The debut of Raf Simons’ Spring 2021 collection “Teenage Dreams” was accompanied by a 17-minute film he directed and a press release that listed some movies and a few Joy Division songs. Could we safely assume that the titles on the list were fuel for Simons’ own teenage dreams? He has often used his past as visual fodder, anything from childhood photos to album covers of favourite bands, memories providing momentum to move forward. There was some of that in his new collection. Childhood photos, I mean. Another assumption: they were of the people around him, friends, colleagues, but such is our twisted world that there was also a hint of the macabre because we’re so used to seeing such images with reports of missing children, or even “I lost my son/daughter to a cult” shock/horror shit.
Horror is one of Simons’ favourite genres. Half of the titles on that list I mentioned were horror or horror-adjacent, from obvious screamfests like “The People Under the Stairs” and “Alien” to the subtle psychological disturbance of “Picnic at Hanging Rock” and the more insidiously unsettling “Annihilation.” In that movie, a handful of scientists investigating a quarantined zone in which Nature is steadily mutating under the influence of an alien force called the Shimmer are themselves eventually consumed. Lichen plays a major role. In Raf’s movie, his young cast crawl through a hole in a brick wall into a courtyard which is thickly carpeted with yellow lichen. There are bare trees sprouting bunches of berries, and strange-looking flowers. Maybe it’s Spring, but not as we recognise it.
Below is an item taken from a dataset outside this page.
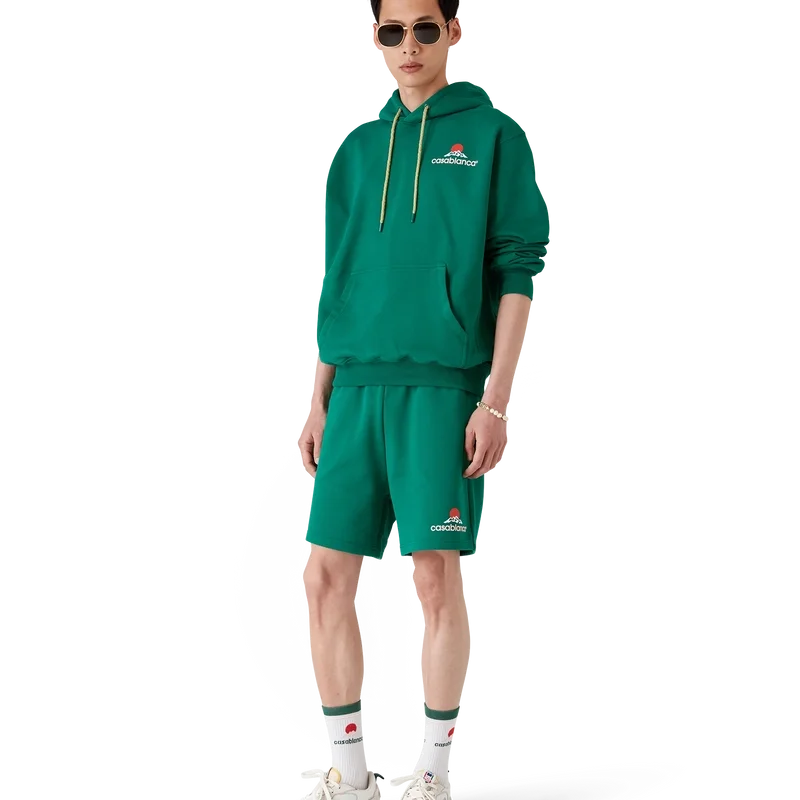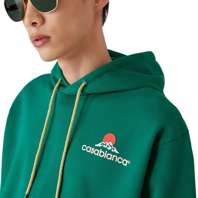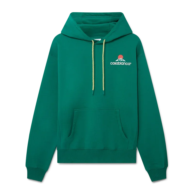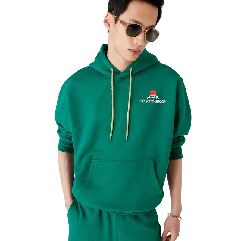 Das Montagne Kapuzensweatshirt ist ein langärmeliges Modell aus Bio-Baumwollstoff und ziert das saisonale Design des Hauses – ein Logo, das auf den ersten Blick wie ein Berg aussieht, bei genauerem Hinsehen jedoch „Casa“ bildet. Mit Kapuze mit Kordelzug, Känguru-Tasche vorne, gerippten Bündchen und Saum.

I’m dwelling on “Annihilation” because it has elements that are obviously applicable to the current global situation. So does “Teenage Dreams,” both the collection and the film. The media initially focused on the pandemic’s impact on the elderly, but that focus has switched to the disastrous effects it is having on the young. There is sympathy for their lost opportunities, but they have also been demonised as super-spreaders, compounding their isolation, breeding disaffection. They’re the future but they’ve been cast as a danger to the present. Maybe it has always been so. Rebellious youth, y’know.
Youth as a state of mind – idealistic and hopeful, disaffected and misunderstood, beautiful and doomed – has been the default inspiration for Simons’ career in fashion, so it made sense that a collection which introduced womenswear to his own label for the first time should also provide him with a broader forum in which to meditate on his obsession. He tagged his boys and girls Children of the Revolution. “Join Us” urged the badge some were wearing. “Welcome Home” read the first model’s turtleneck. Raf is home now, back in Antwerp, but also settling in at Prada, which you could construe as a sort of spiritual home. But I was thinking he was actually welcoming his boys and girls home, to their safe space in that lichen-carpeted courtyard. They crawled through the wall into their own Wonderland. Or was it their Underworld?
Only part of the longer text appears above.